Me: “Who’s kidding who here, Yum Yum?” (Except I used his really name, Brian – whoops). “Ninety-nine percent of all french fry eaters love fry sauce!” (Based on my made up and biased research – the final one percent being in a coma and eating their french fries through a feeding tube.) “They didn’t just stop eating it. You and yours pulled the switcheroo. ‘Hey, folks, guess what, you have the choice of ketchup, or hey you can have ketchup.’ Give it up Yum Yum, this is about the almighty dollar, isn’t it?”
Bri… Yum Yum: “Okay buddy, you want the truth? Yeah. It is about the money. That burger revolution in the seventies? The one putting all those crazy ideas into the heads of customers?
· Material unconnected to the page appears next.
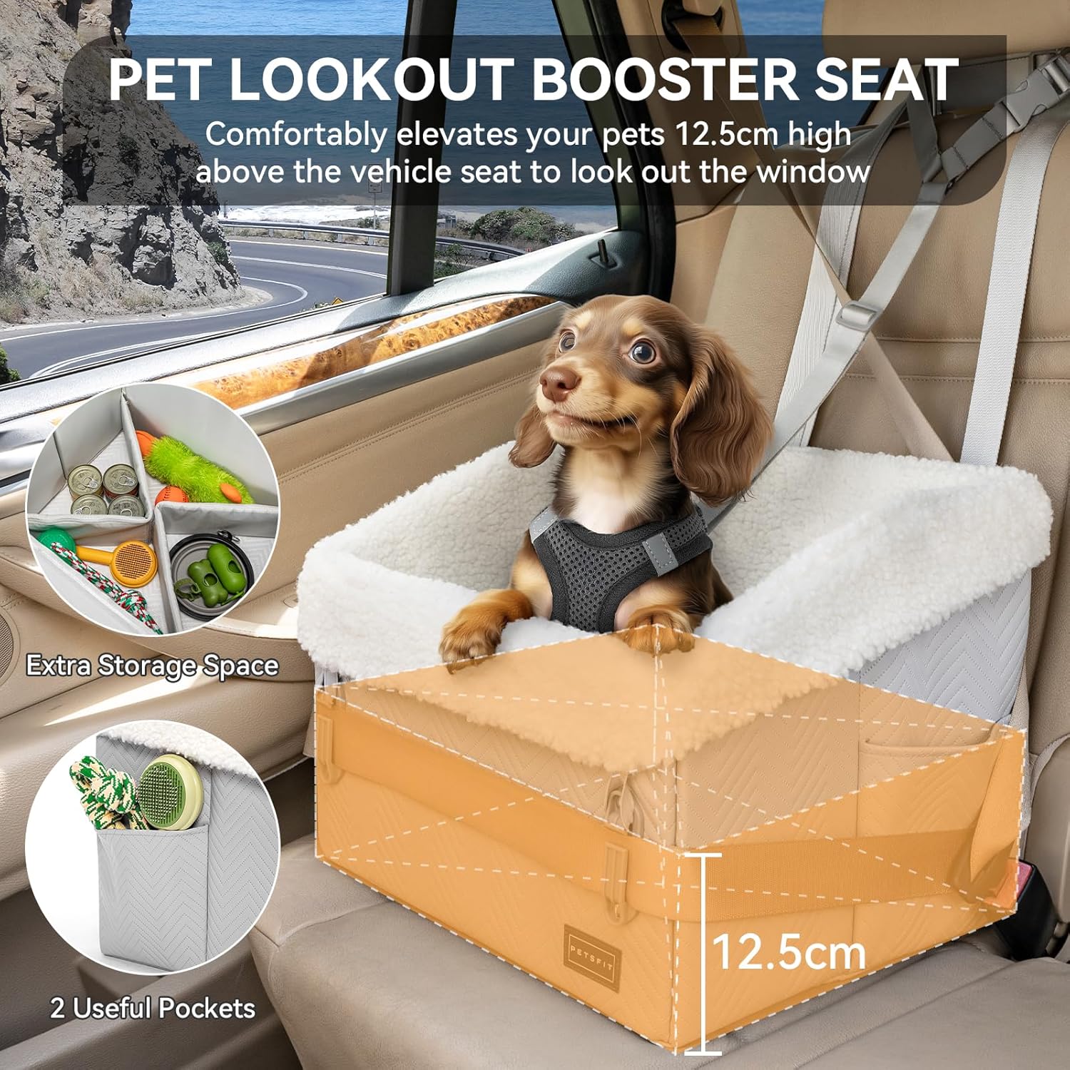 - [Dual-Sided Comfort Cushion] The dog booster car seat medium sized dog featuring a unique cushion design with one side soft fleece and the other durable Oxford cloth, it meets different weather and pet needs. The cushion is detachable and washable. With comfortable fleece-lined edges, the car seat for dogs offers your pet a first-class comfort experience during rides

Have it your way? A one-dollar burger they could have made to order? ‘Extra pickles,’ or say, ‘extra onions’. I once had a guy ask for his tomato slice extra thin. Yeah, I was there on the front line. Heard it with my own eyes! ‘Tomato slice extra thin.’ I’ve got cars backed up to the street, and this guy wants his tomato slice extra thin. Well, you don’t get “have it your way” and fry sauce. You know how long it takes to whip up, package and store fry sauce? Thank goodness the majority of us agreed: It’s ketchup and ketchup only. An antitrust violation? An anticompetitive monopolistic maneuver? Complain to your congressperson. Otherwise, welcome to the real world.”
I’m not really sure what happed after that. I came to in an alley tilted against a dumpster with mayo smeared on one cheek and ketchup on the other (and I wish I were talking about my face). But alas, the truth was out.
So a call to arms, my brethren! We gather at the Lincoln Memorial next week, and march united across the mall to the Capital. If not us, who? If not now, well, you get the point. And based on the size of many of our representative’s bellies, I am confident that we will find an attentive audience. A swift, bipartisan solution is at hand!